E. Change the address of Workstation B to 192.0.2.111.
Answer: A B
Explanation
To specify when we use crossover cable or straight-through cable, we should remember:
Group 1: Router, Host, Server
Group 2: Hub, Switch
One device in group 1 + One device in group 2: use straight-through cable
Two devices in the same group: use crossover cable
-> To connect two hosts we must use crossover cable -> A is correct.
With the subnet mask of /28, 192.0.2.24 & 192.0.2.100 will be in different subnets (192.0.2.24 belongs to subnet 192.0.2.16/28; 192.0.2.100 belongs to subnet 192.0.2.96). To make them in the same subnet we need more space for host. Because 100 < 128 so we the suitable subnet should be /25.
Question 2
Your ISP has given you the address 223.5.14.6/29 to assign to your router’s interface. They have also given you the default gateway address of 223.5.14.7. After you have configured the address, the router is unable to ping any remote devices. What is preventing the router from pinging remote devices?
A. The default gateway is not an address on this subnet.
B. The default gateway is the broadcast address for this subnet.
C. The IP address is the broadcast address for this subnet.
D. The IP address is an invalid class D multicast address.
Answer: B
Explanation
For the network 223.5.14.6/29:
Increment: 8
Network address: 223.5.14.0
Broadcast address: 223.5.14.7
-> The default gateway IP address is the broadcast address of this subnet -> B is correct.
Question 3
Refer to the exhibit. According to the routing table, where will the router send a packet destined for 10.1.5.65?
| Network | Interface | Next-hop |
| 10.1.1.0/24 | e0 | directly connected |
| 10.1.2.0/24 | e1 | directly connected |
| 10.1.3.0/25 | s0 | directly connected |
| 10.1.4.0/24 | s1 | directly connected |
| 10.1.5.0/24 | e0 | 10.1.1.2 |
| 10.1.5.64/28 | e1 | 10.1.2.2 |
| 10.1.5.64/29 | s0 | 10.1.3.3 |
| 10.1.5.64/27 | s1 | 10.1.4.4 |
A. 10.1.1.2
B. 10.1.2.2
C. 10.1.3.3
D. 10.1.4.4
Answer: C
Explanation
The destination IP address 10.1.5.65 belongs to 10.1.5.64/28, 10.1.5.64/29 & 10.1.5.64/27 subnets but the “longest prefix match” algorithm will choose the most specific subnet mask -> the prefix “/29″ will be chosen to route the packet. Therefore the next-hop should be 10.1.3.3 -> C is correct.
Question 4
Refer to the exhibit. The user at Workstation B reports that Server A cannot be reached. What is preventing Workstation B from reaching Server A?

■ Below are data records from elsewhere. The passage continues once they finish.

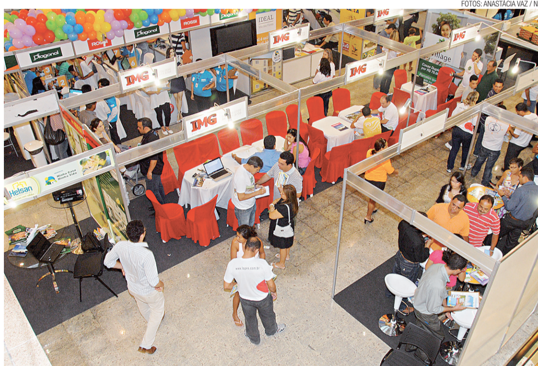
► Feira tem 80 estandes de venda

No ano de 2010, a Caixa Econômica Federal financiou 22 mil moradias, totalizando R$ 1,4 bilhão reais em empréstimos imobiliários. Em 2001, foram finan-
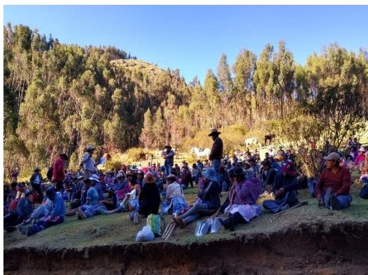
Figura 20: Participación de los comuneros
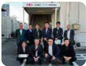
JA全農ミートフーズ株

生産現場では、全国の和牛生産頭数は増加傾向ながら頭打ち感があり、ホルスタイン雄は平成24年の約24万頭をピークに減少し、令和7年には11万頭以下と予測されています。特に北海道以外での酪農の縮小が顕著で、国内の乳製品・牛肉生産基盤が北海道偏重になりつつあります。世界的にはアメリカが牛肉の生産・消費・輸入で最大ですが、近年アメリカの生産量の減少によりオーストラリアからの輸入が増加し、世界的に牛肉は不足気味です。また、円安の影響で輸入牛肉価格が高騰し国産牛肉の流通が増えており、特にホルスタイン雄の赤身牛肉の評価が高まっています。
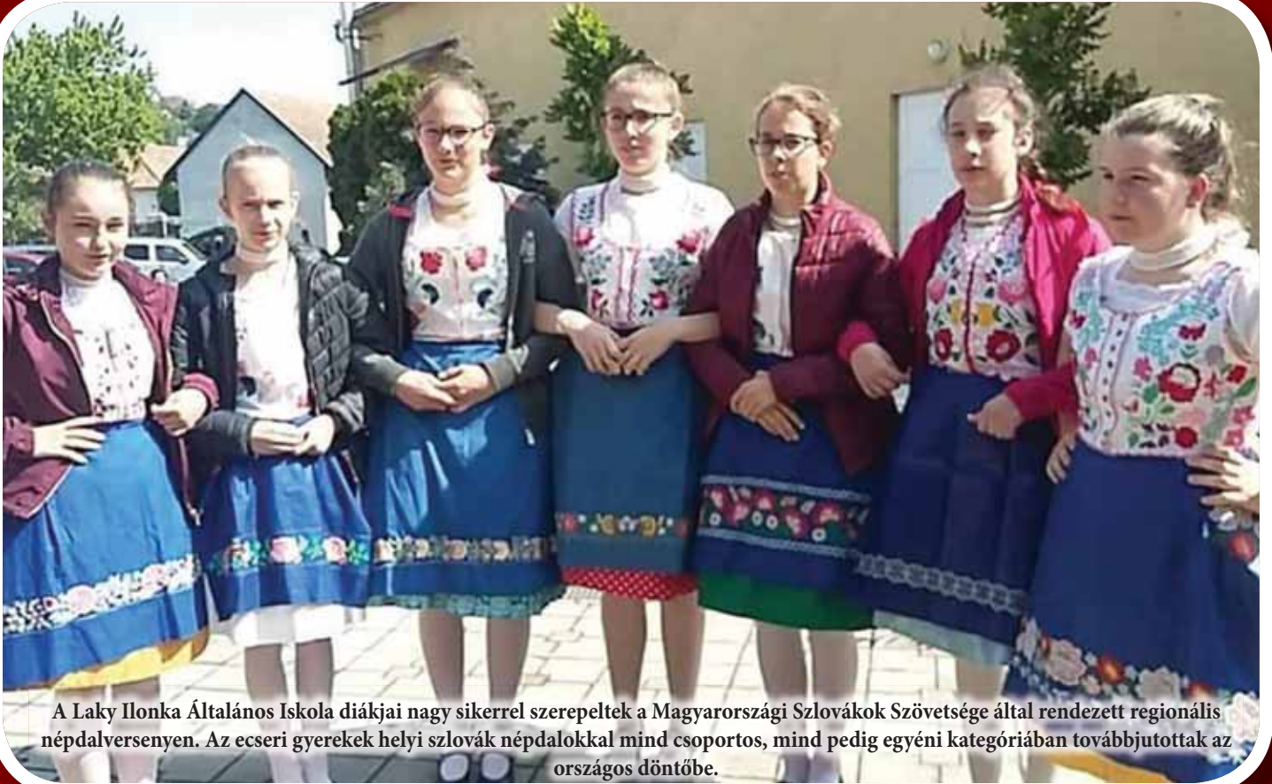
A Laky Ilonka Általános Iskola diákjai nagy sikerrel szerepeltek a Magyarországi Szlovákok Szövetsége által rendezett regionális népdalversenyen. Az ecseri gyerekek helyi szlovák népdalokkal mind csoportos, mind pedig egyéni kategóriában továbbjutottak az országos döntőbe.

A. The IP address for Server A is a broadcast address.
B. The IP address for Workstation B is a subnet address.
C. The gateway for Workstation B is not on the same subnet.
D. The gateway for Server A is not on the same subnet.
Answer: D
Question 5
Given the address 192.168.20.19/28, which of the following are valid host addresses on this subnet? (Choose two)
A. 192.168.20.29
B. 192.168.20.16
C. 192.168.20.17
D. 192.168.20.31
E. 192.168.20.0
Answer: A C
Question 6
Which of the following IP addresses fall into the CIDR block of 115.64.4.0/22? (Choose three)
A. 115.64.8.32
B. 115.64.7.64
C. 115.64.6.255
D. 115.64.3.255
E. 115.64.5.128
F. 115.64.12.128
Answer: B C E
Question 7
The Ethernet networks connected to router R1 in the graphic have been summarized for router R2 as 192.1.144.0/20. Which of the following packet destination addresses will R2 forward to R1, according to this summary? (Choose two)
A. 192.1.159.2
B. 192.1.160.11
C. 192.1.138.41
D. 192.1.151.254
E. 192.1.143.145
F. 192.1.1.144
Answer: A D
Question 8
Refer to the exhibit. All of the routers in the network are configured with the ip subnet-zero command. Which network addresses should be used for Link A and Network A? (Choose two)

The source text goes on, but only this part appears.